▶ **Your task**:
With pictures removed, the data below should be returned exactly.

▶ **Data excerpt**:

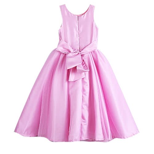 Pastel, 3D floral mesh, sleeveless, bodice and off centered, satin bow to full mesh skirt with tri-color, satin ribbon detail and hem.
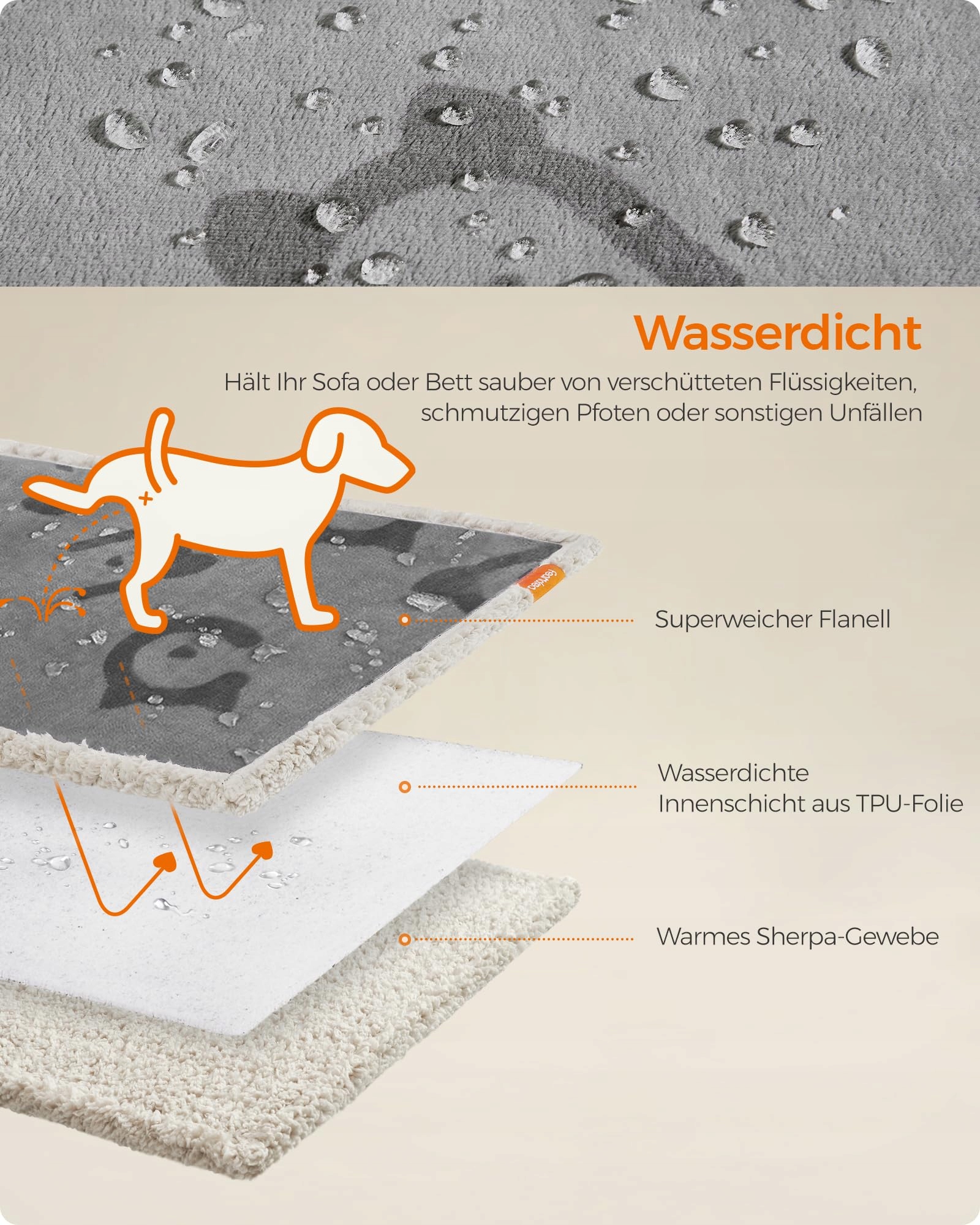 [Wodoodporny] Dzięki wodoodpornej warstwie TPU ten koc dla psa zapobiega przenikaniu płynów i chroni Twoją sofę lub łóżko przed drobnymi wypadkami, płynami i brudnymi łapami. Możesz więc bez obaw przytulać się ze swoimi futrzanymi przyjaciółmi
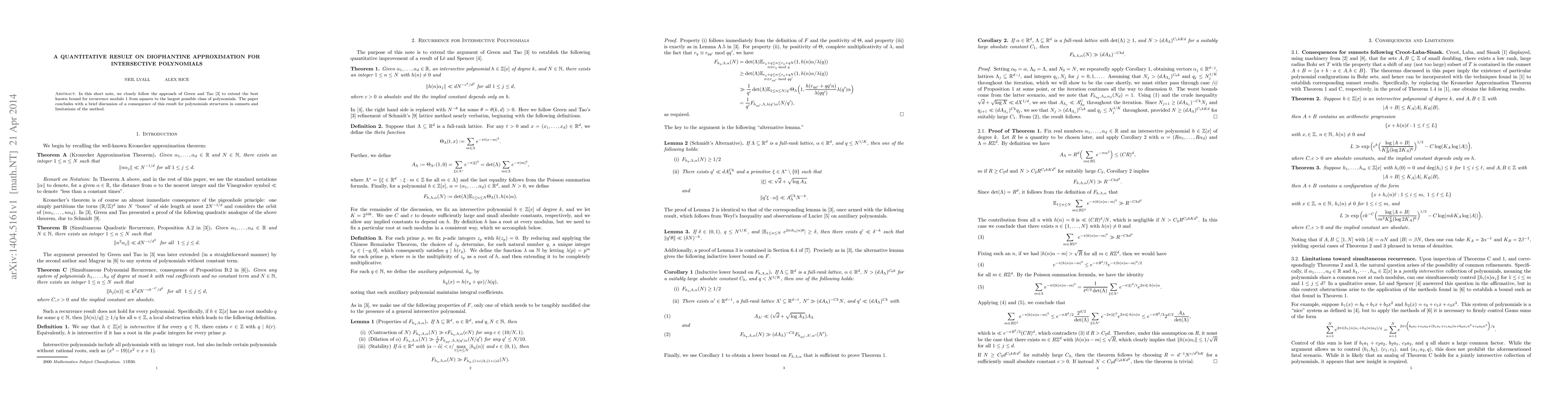 In this short note, we closely follow the approach of Green and Tao to extend the best known bound for recurrence modulo 1 from squares to the largest possible class of polynomials. The paper concludes with a brief discussion of a consequence of this result for polynomials structures in sumsets and limitations of the method.

▶ **Response for this exercise**:
 Pastel, 3D floral mesh, sleeveless, bodice and off centered, satin bow to full mesh skirt with tri-color, satin ribbon detail and hem.
 [Wodoodporny] Dzięki wodoodpornej warstwie TPU ten koc dla psa zapobiega przenikaniu płynów i chroni Twoją sofę lub łóżko przed drobnymi wypadkami, płynami i brudnymi łapami. Możesz więc bez obaw przytulać się ze swoimi futrzanymi przyjaciółmi
 In this short note, we closely follow the approach of Green and Tao to extend the best known bound for recurrence modulo 1 from squares to the largest possible class of polynomials. The paper concludes with a brief discussion of a consequence of this result for polynomials structures in sumsets and limitations of the method.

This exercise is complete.